At VerbCorner, rather than trying to work out the whole definition at once, we have broken meaning into many different components. At the site, you will find several different tasks. In each task, you will try to determine whether a particular verb has a particular component of meaning. 

If you are interested in what words mean and would like to help with this project, sign up for an account at http://gameswithwords.org/VerbCorner/. Participation can be anonymous, but we are happy to recognize significant contributions from anyone who wishes it.

I will be writing a lot more about this project, it's goals, the science behind it, and the impact we expect it to have over the coming weeks. In the meantime, please check it out.
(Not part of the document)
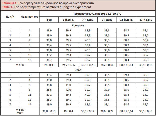Перед моделированием гнойных ран проведен общий клинический осмотр животных и измерена температура тела. Все показатели были в пределах физиологической нормы. Непосредственная длительность данного эксперимента составила 17 дней. В обозначенный период проведена оценка интенсивности регенерации и качества заживления гнойных ран с изучением микробного пейзажа и клинический анализ крови (количество лейкоцитов, нейтрофилов, лимфоцитов, тромбоцитов). Клинический контроль производили путем регистрации температуры тела, а также местных признаков воспаления – наличия локального отека, наличия гнойного отделяемого, сроков появления грануляционной ткани.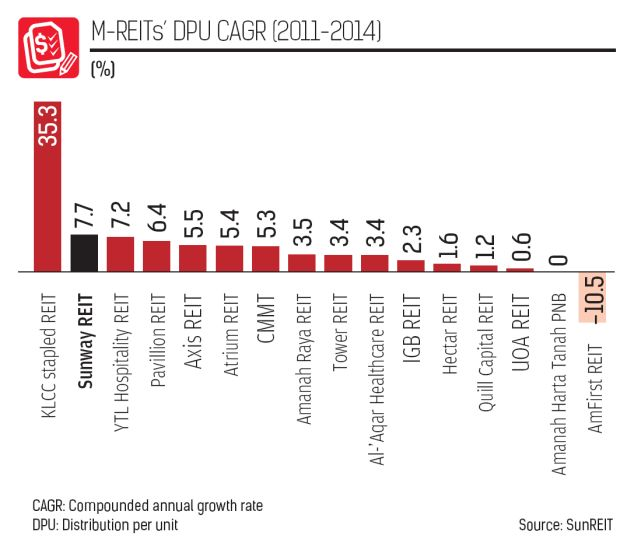 Sunway REIT is the manager of SunREIT with total portfolio assets valued at RM5.18bil as at June 30, 2013. Although it is often compared with KLCC REIT, it is a distant second to KLCC REIT’s RM16bil with its main competitors being Pavilion Real Estate Investment Trust (PavREIT by Malton Bhd), CMMT by CapitaMalls Malaysia REIT Management Sdn Bhd and IGB REIT.

A Critical Period for Learning Language?

If you bring adults and children into the lab and try teaching them a new language, adults will learn much more of the language much more rapidly than the children. This is odd, because probably one of the most famous facts about learning languages -- something known by just about everyone whether you are a scientist who studies language or not -- is that adults have a lot less success at learning language than children. So whatever it is that children do better, it's something that operates on a timescale too slow to see in the lab. 

This makes studying the differences between adult and child language learners tricky, and a lot less is known that we'd like. Even the shape of the change in language learning ability is not well-known: is the drop-off in language learning ability gradual, or is there a sudden plummet at a particular age? Many researchers favor the latter possibility, but it has been hard to demonstrate simply because of the problem of collecting data. The perhaps most comprehensive study comes from Kenji Hakuta, Ellen Bialystok and Edward Wiley, who used U.S.A. Census data from 2,016,317 Spanish-speaking immigrants and 324,444 Chinese-speaking* immigrants, to study English proficiency as a function of when the person began learning the language. 

Their graph shows a very gradual decline in English proficiency as a function of when the person moved to the U.S.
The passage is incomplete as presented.